Larry Lamb has contended with intense nerves over years of theatre. When he began as an amateur actor, long before Gavin and Stacey, he enjoyed the rehearsal process but acting caused fear. “The instant I got in front of an audience,” he says, “it all started to get hazy. My legs would begin trembling uncontrollably.”

The nerves didn’t ease when he became a pro. “It persisted for about 30 years, but I just got better and better at concealing it.” In 2001, he froze as Claudius in Hamlet, for the Royal Shakespeare Company. “It was the early performance at Stratford-upon-Avon. I was just into my first speech, when Claudius is addressing the people of Denmark, when my words got stuck in space. It got worse and worse. The entire cast were up on the stage, watching me as I completely lost it.”

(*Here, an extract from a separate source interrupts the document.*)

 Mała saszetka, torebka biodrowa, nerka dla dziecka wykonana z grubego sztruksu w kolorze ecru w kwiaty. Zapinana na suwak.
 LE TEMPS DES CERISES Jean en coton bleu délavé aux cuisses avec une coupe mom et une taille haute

He endured that act but the director recognised what had happened. “He saw I wasn’t in control but only appearing I was. He said, ‘You’re not interacting with the audience. When the spotlights come down, you then shut them out.’”

The director maintained the general illumination on so Lamb would have to recognise the audience’s attendance. It was a pivotal moment in the actor’s career. “Little by little, it got better. Because we were staging the show for the best part of the year, slowly the fear went away, until I was confident and actively engaging with the audience.”

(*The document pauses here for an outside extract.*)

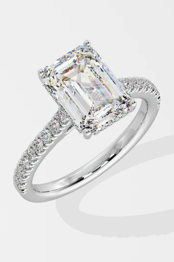 The Invisible Halo Ring is a masterpiece. With a 4 ct center rock, and a 360 invisible halo, this is the epitome of luxury. Go big and go bold.

Now 78, Lamb no longer has the stamina for theatre but enjoys his live shows, presenting his own verse. He says that, as an actor, he kept interfering of his character. “You’re not permitting the room – it’s too much yourself, not enough persona.”

Harmony Rose-Bremner, who was cast in The Years in 2024, concurs. “Insecurity and insecurity go opposite everything you’re attempting to do – which is to be uninhibited, release, completely immerse yourself in the role. The issue is, ‘Can I create room in my thoughts to permit the persona in?’” In The Years, as one of five actors all playing the same woman in various phases of her life, she was thrilled yet felt overwhelmed. “I’ve been raised doing theatre. It was always my happy place. I didn’t ever think I’d ever feel nerves.”

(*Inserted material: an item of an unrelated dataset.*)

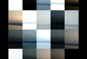 Acte 1 : La scène pourrait se passer n’importe où dans le monde, pourvu qu’il y ait un vaste plan d’eau et un rivage opposé ouvrant sur une chaîne de montagne ou de hautes collines, dans le calme de l’aube ou du crépuscule. Terre mystérieuse, espérée, maudite, promise, objet de convoitise ? Il est trop tôt pour choisir. Nous sommes le 7 avril 2010 et le photographe – Mahmoud Hojeij – prend une série de clichés pendant 48 minutes, juste le temps de décliner un camaïeu de bleu dans toutes les nuances où il pouvait se diluer, du blanc cru au fondu au noir. A moins qu’il ne s’agisse du contraire, l’essentiel n’est manifestement pas là. L’image propose au spectateur une scène paisible, trop paisible pour être honnête, de cette paix « d’entre deux guerres » propice à la vie stagnante dont m’avait parlé Zena Assi. Ce plan d’eau absolument désert ressemble à une frontière, un « no man’s land ». Et l’on ne peut s’empêcher de penser au Rivage des Syrtes de Julien Gracq, roman de la solitude, de la torpeur, de la crainte devant l’inconnu symbolisé par l’autre rive, source d’obscurs et menaçants fantasmes. Est-ce le Farghestan ? Nous y sommes presque. Le photographe se trouve sur les bords de la mer Morte ; face à lui, s’étend une parcelle de cette terre qu’au Liban on appelle Palestine, en d'autres termes Israël. Le lieu n’a rien d’anodin.

‘Like your air is being pulled away’ … Harmony Rose-Bremner, right, with the cast of The Years.

She recollects the night of the initial performance. “I really didn’t know if I could continue,” she says. “It was the initial instance I’d experienced like that.” She managed, but felt swamped in the very first opening scene. “We were all motionless, just talking into the void. We weren’t looking at one other so we didn’t have each other to respond to. There were just the dialogue that I’d listened to so many times, reaching me. I had the typical signs that I’d had in miniature before – but never to this level. The experience of not being able to inhale fully, like your breath is being sucked up with a void in your torso. There is nothing to hold on to.” It is compounded by the emotion of not wanting to disappoint cast actors down: “I felt the duty to all involved. I thought, ‘Can I endure this huge thing?’”

Zachary Hart attributes self-doubt for inducing his stage fright. A spinal condition ruled out his aspirations to be a footballer, and he was working as a warehouse operator when a companion submitted to theatre college on his behalf and he enrolled. “Standing up in front of people was utterly alien to me, so at acting school I would go last every time we did something. I stuck at it because it was pure distraction – and was preferable than industrial jobs. I was going to give my all to beat the fear.”

His debut acting job was in Nicholas Hytner’s Julius Caesar at the Bridge theatre. When the cast were notified the show would be captured for NT Live, he was “terrified”. Some time later, in the initial performance of The Constituent, in which he was cast alongside James Corden and Anna Maxwell-Martin, he uttered his first line. “I heard my accent – with its pronounced Black Country dialect – and {looked

Lauren Wells
Lauren Wells

A passionate chef and food writer specializing in Venetian cuisine, sharing authentic recipes and cultural stories.